C#: OCR (Optical Character Recognition)

May 3, 2010 by C#  

The past few weeks we've been looking for a suitable OCR solution to integrate into our document management system.

One option we came across involves MODI (Microsoft Office Document Imaging) - a tool available within Microsoft Office 2003 - 2007 (not available in Microsoft Office 2010).

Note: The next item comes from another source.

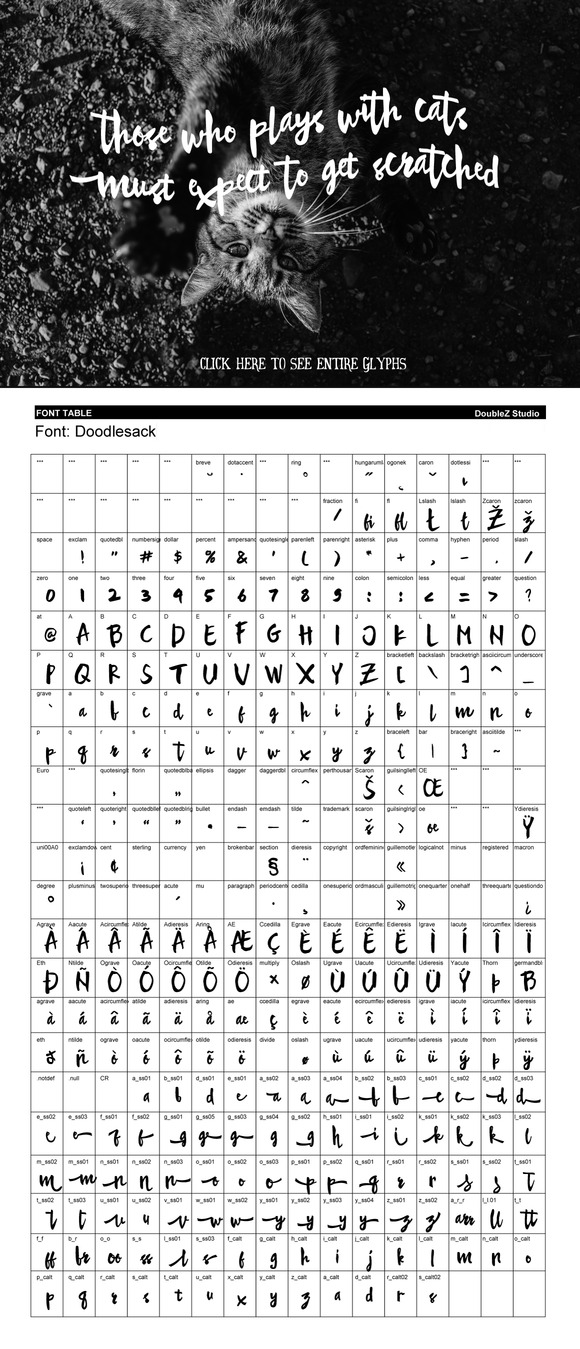 Doodlesack is a beautiful script in flaws. Spontaneous, wild hand and imperfect flow give the natural looks. Great for designing book covers, film covers, apparel, cards, logos, posters, etc. Opentype features gives you more alternatives in designing.

Simply include the MODI Type library (COM Interop) and convert image(s) to text like this:

using MODI;
using System;

class Program
{
    static void Main(string[] args)
    {
        DocumentClass doc = new DocumentClass();
        doc.Create(@"some.tiff");
        doc.OCR(MiLANGUAGES.miLANG_ENGLISH, true, true);

        foreach (Image image in doc.Images)
        {
            Console.WriteLine(image.Layout.Text);
        }
    }
}

Its quite a powerful OCR engine, but the engine behind MODI isn't microsoft based - it is licensed under ScanSoft inc - currently Nuance.

There is one part I do find a bit dodgy though, we found quite a few rather expensive OCR tools out there (from $600), that integrates with MODI - which obviously requires Microsoft Office.

I almost feel that those application belong in the freeware realm - since you already bought a license to the core OCR functionality (via MS Office) and most of the non-OCR (part you will be paying for) seems rather mediocre.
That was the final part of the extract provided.